The following sections will outline what is known about the immune system's response to CNS injury in general, and why aspects of the immune system have become considered drivers of neurodegenerative disease, of which head injury is now considered a risk factor. This will provide context for the review of the current literature for immune involvement in the pathology of mild TBI.
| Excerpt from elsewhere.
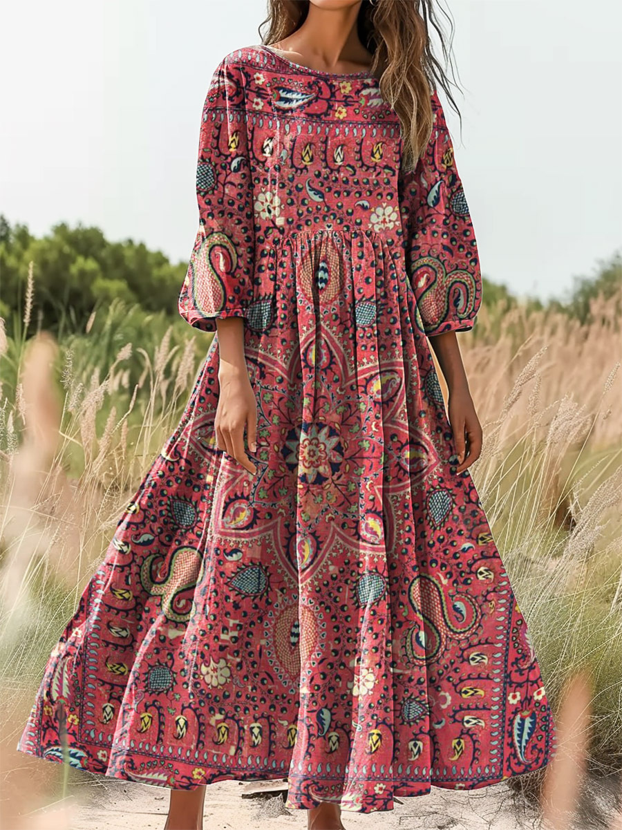Women's Bohemian Floral Art Print Flowy Crew Neck Cotton Pocket Dress
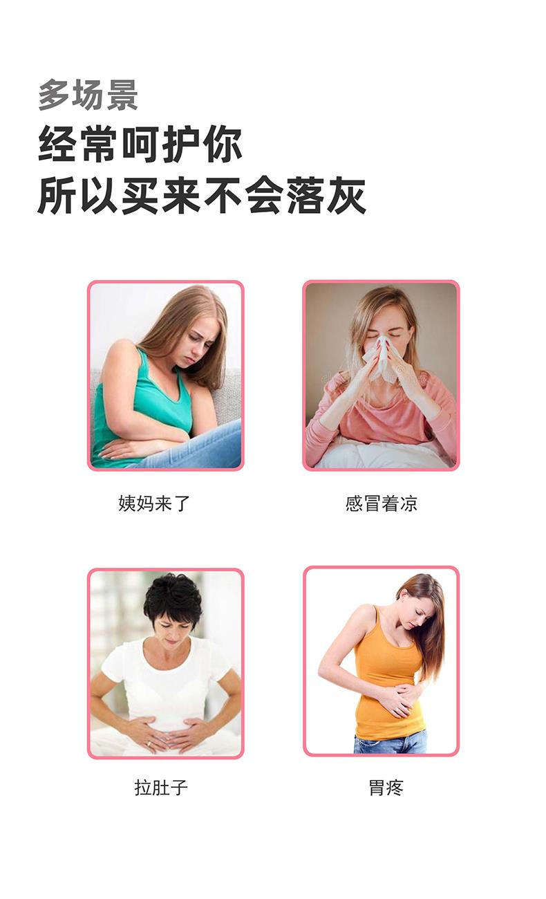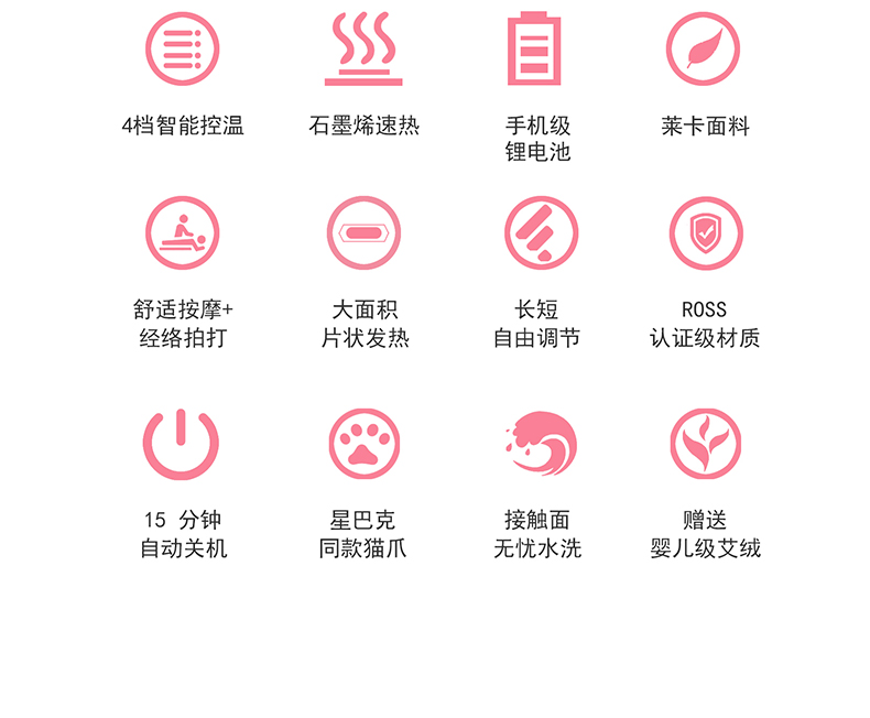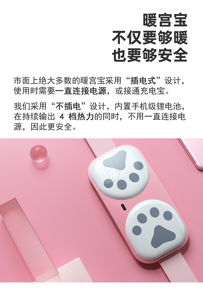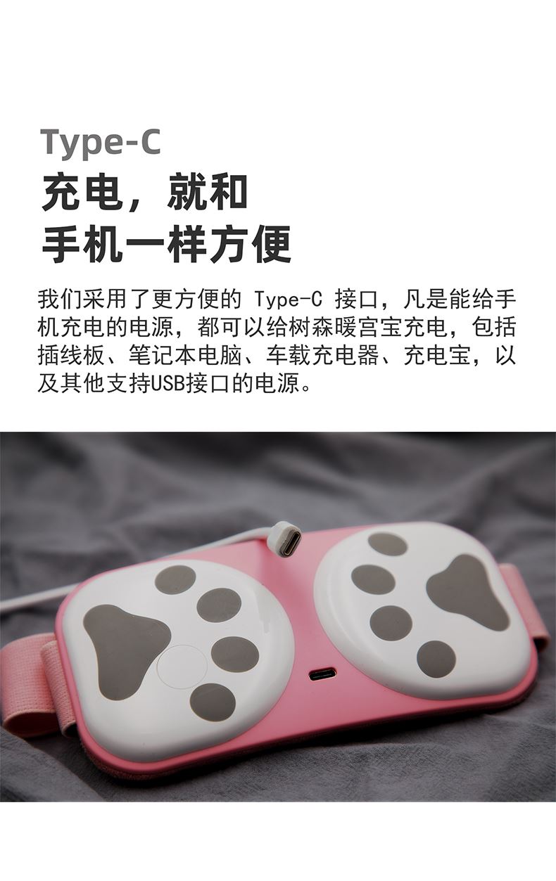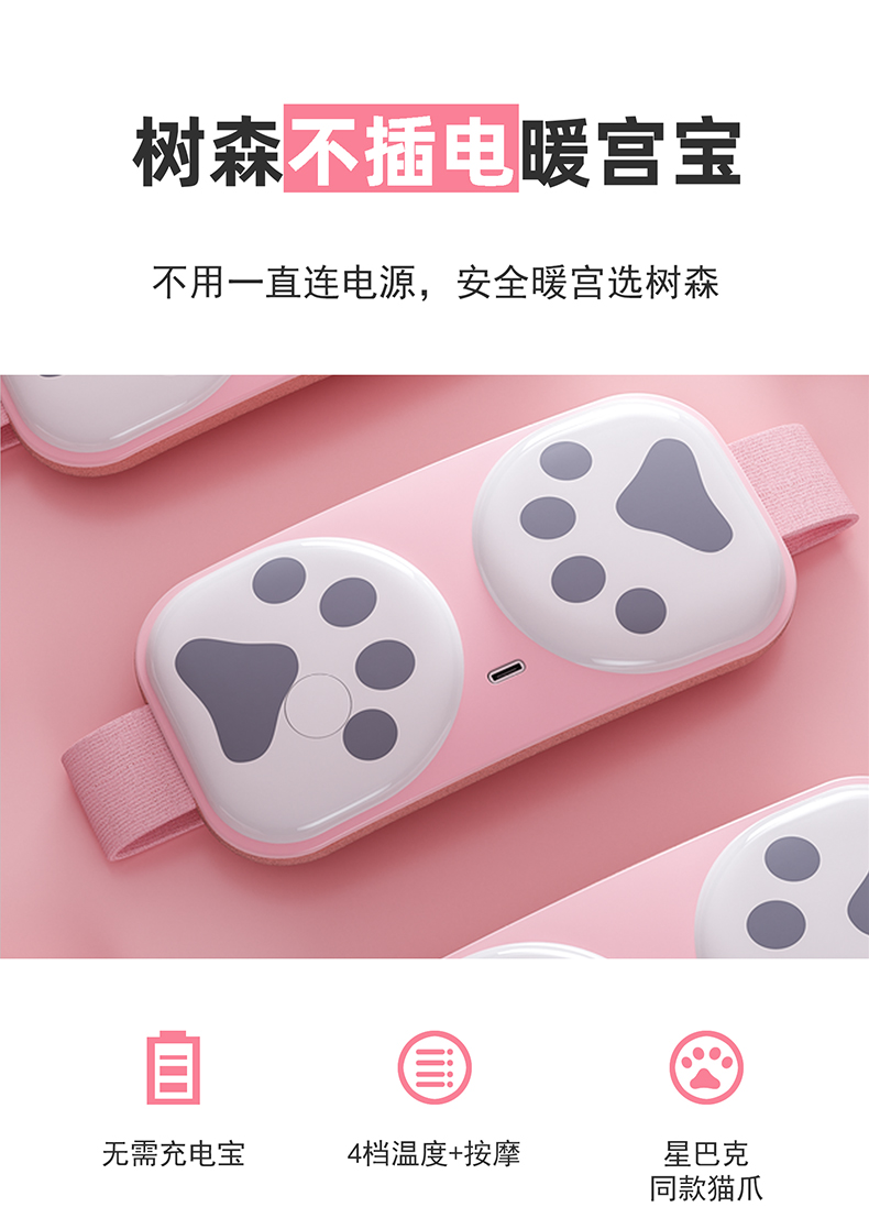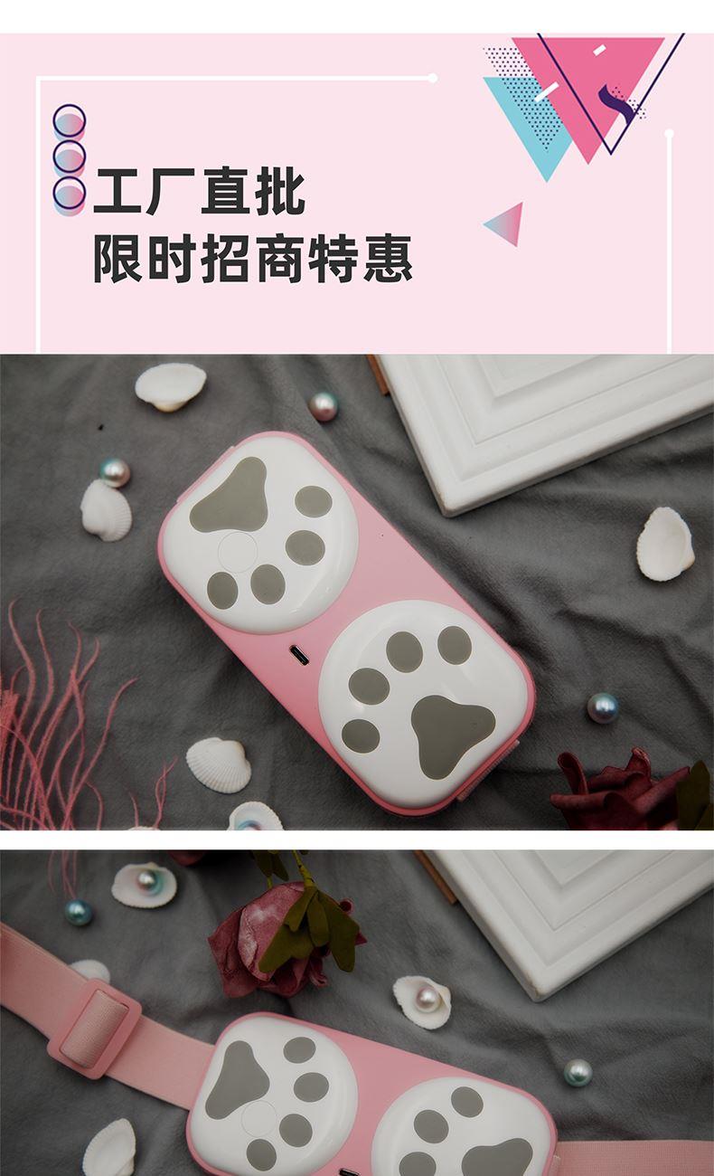 主体材质:ABS 功能模式:4种 额定电压:5V 电阻:4.5欧 电池类型:聚合物锂电池 电池容量:1800AM 充电时长:1小时 使用时长:>160分钟 单次循环时长:15分钟 尺寸:15*8*1.0cm 重量:140g 额定功率:5W ✨石墨烯速热 + 4 档控温 升温超快,温度随心调,暖得均匀又深入,寒气湿气通通赶走,暖到骨子里超舒服。 🐾经络拍打按摩 + 热敷二合一 一边热敷一边按摩,像真人手法一样揉捏拍打,肩颈、腰腹、关节都能用,放松解乏一步到位。 🛡️智能自动关机 贴心防忘关,躺着热敷、睡着按摩都安心,安全又省心。 🧼可水洗设计 + 可调节绑带 脏了可水洗,干净卫生;松紧自由调,大人小孩全家都能戴,贴合不滑落。 🔋长续航 + 便携好用 充一次用很久,无线便携,居家、办公、外出都能暖敷。 ✅专业 ROSS 认证 + 赠艾绒 品质靠谱有保障,搭配艾绒使用,暖敷效果加倍,养生更到位。 🐱星巴克同款猫爪颜值 软萌猫爪造型,自用提升幸福感,送家人、送朋友都超有面。

Positioning of the Immune System Within the CNS
Immune cells are present throughout the adult CNS (43). Microglia are a type of tissue resident macrophage and are the major immune cell type (44). Microglial cell bodies and their processes cover every cubic micrometer of the brain during constant surveillance activities (45, 46). Recent work shows that, of the total number of immune cells in the brain, ~80% are microglia, with the remainder comprised of barrier-associated macrophages and cell types more traditionally associated with the periphery such as neutrophils and T cells (44, 47–49). Microglia are highly plastic and defend the brain against external challenges. Pattern recognition receptors (PRRs) are scattered along their membrane, by which they can recognize pathogen-associated molecular patterns (PAMPs) and host-derived danger-associated molecular patterns (DAMPs), making microglia equipped with the tools to evoke a rapid, fine-tuned inflammatory response to immunological challenges (50). Microglia phenotype and morphology are determined by their local environment and several concepts relating to their function, such as “homeostatic,” “primed,” “trained,” or “tolerant” microglia, have emerged from experimental models (51). Microglial priming is defined as a prolonged and exaggerated immune response resulting from an acute inflammatory event in an ongoing inflammatory environment (52). Innate immune memory is associated to cell reprogramming following a primary immune stimulus that leads to increased (trained) or decreased (tolerant) responses to a secondary inflammatory stimulus (53). These concepts are important in the context of mild TBI as repeated head injuries lead to greater risk of poor outcome (32, 54). Although not defined as immune cells per se, astrocytes, oligodendrocytes, and endothelial cells all perform various functions that are critical to the immune response (55–58), and the important actions specific to these cells in mild TBI are reviewed elsewhere (59–62).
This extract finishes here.